The number and scale of multinational organizations are increasing and the interactions among countries are more frequent. While these changes have increased the need for effective cross-cultural communication, it remains difficult because of cultural and language differences.
GlobalMind is an attempt to automate the analysis of cultural differences. We describe how the multicultural common-sense database can improve cross-cultural communication and how the automated inference modules can analyze the cultural differences based on the database.
Difficulties in Cross-Cultural Communication
In cross-cultural interactions, people should consider and understand each other’s cultural background in order to have successful interactions (Adler & Graham 1989, Herring, 1990). Expected behaviors, signals, and contexts of communication differ by the cultural backgrounds of the speakers. Even small misunderstandings that arise from cultural differences can cause the failure of entire negotiations (Sawyer & Guetzkow, 1965). Condon (1974) emphasized the importance of understanding cultural differences in cross-cultural communication because misunderstandings from cultural differences could not easily be deciphered and corrected. Consideration of cultural contexts in cross-cultural communication is essential to successful interactions.

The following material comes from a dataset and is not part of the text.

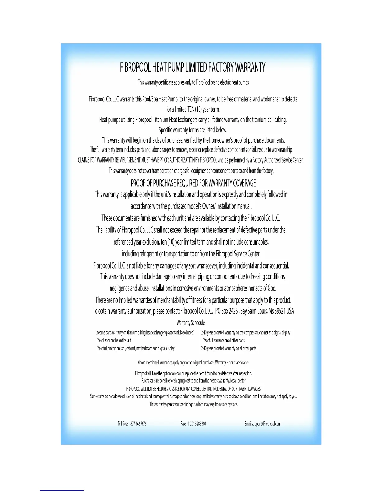 FibroPool FH-020 - FIBROPOOL HEAT PUMP LIMITED FACTORY WARRANTY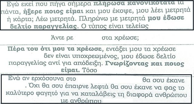 Ωστόσο αυτό δεν συνέβη και την επόμενη ημέρα ο εν λόγω εφοριακός τηλεφώνησε στον λογιστή λέγοντας: «Εγώ εκεί σήμερα πλήρωσα κανονικότατα τα πάντα. Ηξερε ποιος είμαι και μου έκοψε. Μου λέει μετρητά ή κάρτα; Λέω μετρητά. Πληρώνω μετρητά, μου έδωσε δελτίο παραγγελίας. Ο τύπος είναι εντελώς π…ας». Με τον λογιστή να απορεί «Αντε ρε μ… στα χρέωσε;». Με τον εφοριακό να επανέρχεται «πέρα από το ότι μου τα χρέωσε, εντάξει μου τα χρέωσε, εντάξει δεν γ…αι, δεν είναι υποχρεωμένος (σ.σ. πάλι καλά που δεν τίθεται θέμα υποχρέωσης οι εφοριακοί να μην πληρώνουν στα εστιατόρια), μου έδωσε δελτίο παραγγελίας αντί για απόδειξη. Γνωρίζοντας ποιος είμαι. Ο άνθρωπος είναι τρόμπας τελείως…».

Many linguistic problems also have their roots in cross-cultural problems. Language differences have been researched and studied by many people, from linguistic researchers to elementary-school students. Efforts to solve language difference problems with automated mechanisms have resulted in many different approaches to machine translation (Jurasky & Martin, 2000). While the research community has solved many aspects of the linguistic problem, many non-literal translations cannot be properly made without consideration of cultural differences.

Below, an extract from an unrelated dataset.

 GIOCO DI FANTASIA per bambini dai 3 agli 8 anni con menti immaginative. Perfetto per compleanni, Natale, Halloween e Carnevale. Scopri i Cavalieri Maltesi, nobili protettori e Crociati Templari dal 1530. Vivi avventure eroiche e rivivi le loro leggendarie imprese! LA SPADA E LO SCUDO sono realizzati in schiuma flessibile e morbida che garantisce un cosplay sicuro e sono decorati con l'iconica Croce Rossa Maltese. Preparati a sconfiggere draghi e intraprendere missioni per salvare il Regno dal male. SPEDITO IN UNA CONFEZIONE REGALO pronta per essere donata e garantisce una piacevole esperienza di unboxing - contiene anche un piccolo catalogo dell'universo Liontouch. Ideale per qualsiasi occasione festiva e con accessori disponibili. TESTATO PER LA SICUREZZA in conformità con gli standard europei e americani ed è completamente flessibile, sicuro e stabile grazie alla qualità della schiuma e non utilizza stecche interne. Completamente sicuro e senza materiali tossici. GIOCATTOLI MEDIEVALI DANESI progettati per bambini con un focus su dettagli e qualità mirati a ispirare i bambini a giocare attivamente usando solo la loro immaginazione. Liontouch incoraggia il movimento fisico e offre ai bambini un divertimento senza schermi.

There is discussion as to whether an accurate translation between two different cultures is even possible (Scheff, 1987). It remains difficult to make an accurate translation between two cultures; in many cases, a vocabulary or an idiom in one culture is not found in another culture. Even when a similar vocabulary exists, it may not reflect the same experience when the cultural backgrounds are different (Sechrest, Fay, & Zaidi, 1972). Munter (1993) observed that English does not have a word for the Korean word “KI BUN,” which has a similar but different meaning to the English phrase, “inner feelings of a person” or “mood.” The existence or absence of a word in languages is also closely related to the existence or absence of the concept itself in the culture. Although the problem of translation is grounded in language differences, it cannot be solved without cross-cultural understanding.

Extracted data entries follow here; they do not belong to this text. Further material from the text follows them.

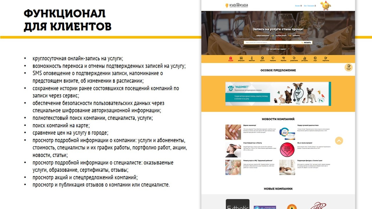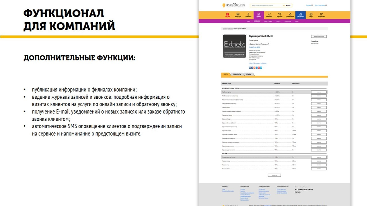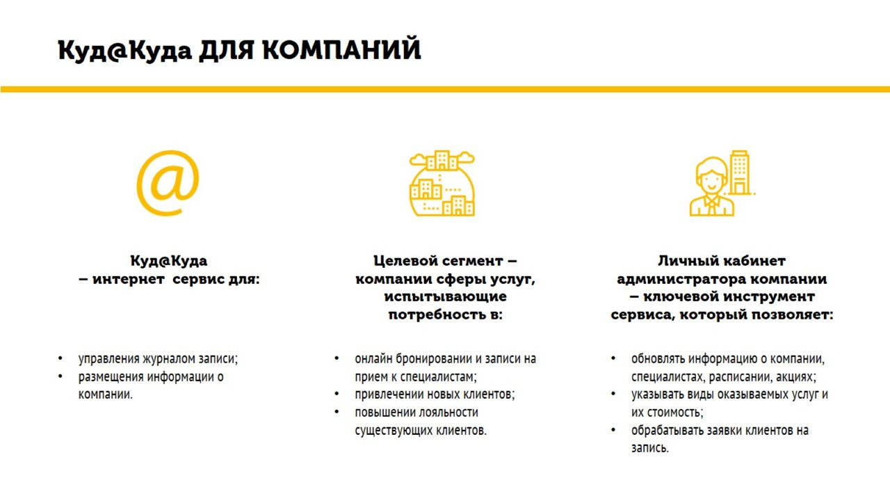 Для компаний преимущества использования сервиса Куд@Куда очевидны: расширение рекламных возможностей, привлечение новых клиентов, увеличение выручки, улучшение имиджа предприятия. В то же время для пользователей сервис предлагает удобный и быстрый способ найти нужную компанию, самостоятельно записаться на услуги в удобное время, получить уведомления о визите, а также сравнить цены и выбрать оптимальное предложение.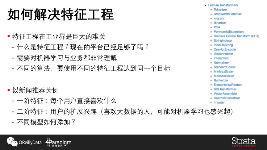 如何降低这些门槛呢?这里分享一下第四范式的成果。首先特征工程是工业界应用AI的巨大的难关。特征工程的目标是针对于某个模型找出与要解决问题相关的关键属性,现在也有一些开源的项目尝试解决特征工程,下图就列出了Spark 2.2官方文档中包含的特征工程算法。那么,针对不同的业务、不同的模型,这些算子就足够我们低门槛建模了吗?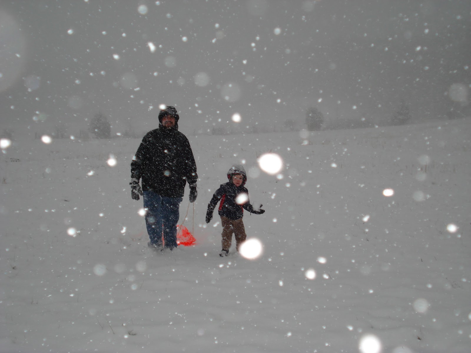 Grandson, dog, sled snowy day fun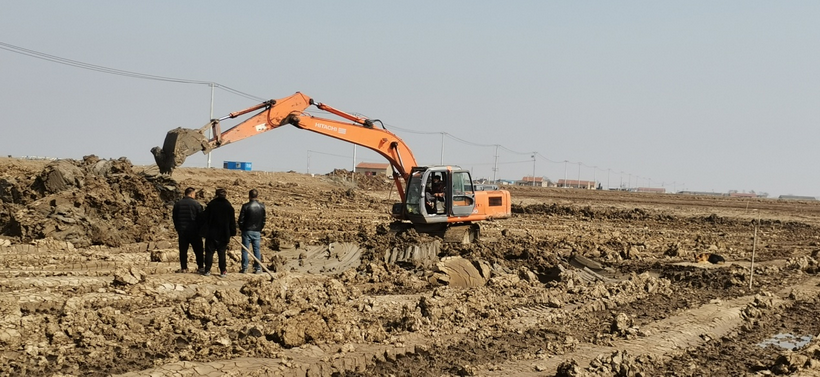 ▲3月23日養殖戶(hù)對養殖池塘機械施工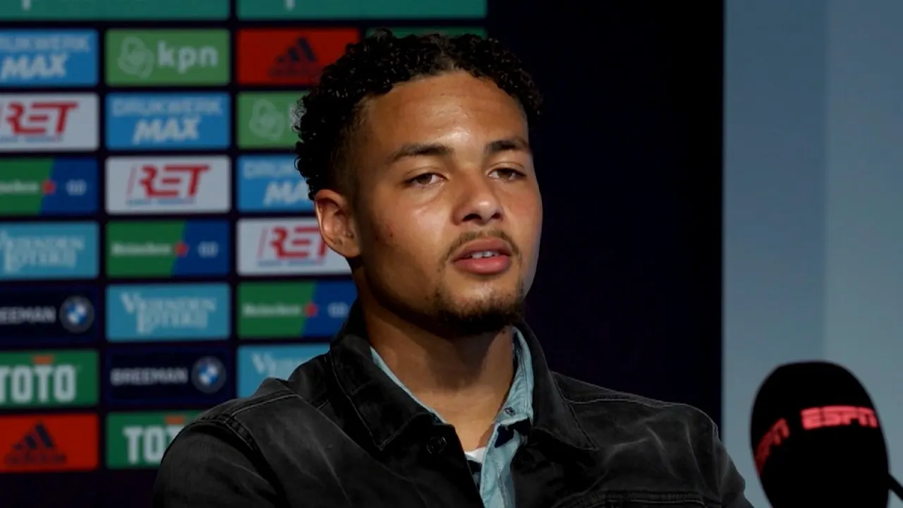 Devyne Rensch op de persconferentie na afloop van Feyenoord-Ajax (0-3).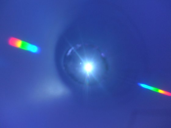 ihr könnt die lichtbrechung auch mit einer CD erreichen. Nehmt einfach eine CD und bestrahlt sie mit der LED. Haltet ihr die CD richtig (ein bisschen schief) dann müsstet ihr an der wand das spektrm sehen. Bei mir hats auf jedenfall funktioniert! :D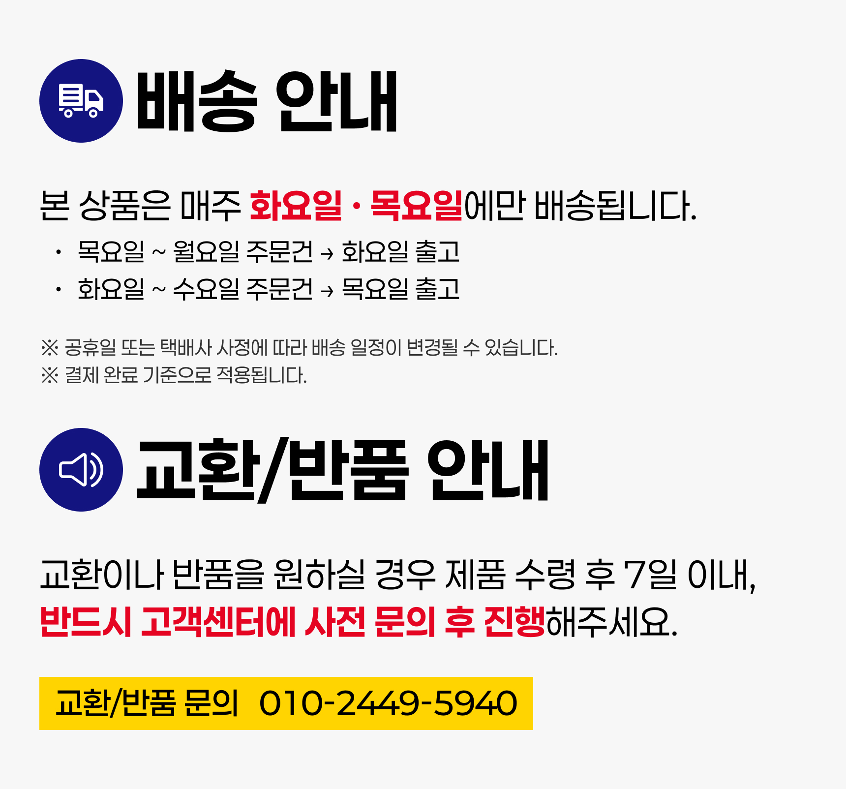 - 반품접수 기한이 지난 경우, 제품 및 패키지 훼손, 사용 흔적이 있는 제품은 교환/반품이 불가합니다.

Some expressions with the same meanings can be used totally differently between cultures. Other expressions with different meanings can be used in the same way in different cultures. For example, Americans often say “sure” in response to “thank you” or “I’m sorry,” while Korean people often say “A NI E YO(no)” in response to thanks or apologies. “Sure” and “no” have almost opposite meanings, but in this situation, they are used for the same speech act.
Thus, consideration of cultural contexts in cross-cultural communication is essential to successful interactions both in behavioral and verbal communication. However, to our knowledge, no previous work has seriously considered a systematic method to automate analysis of cultural differences.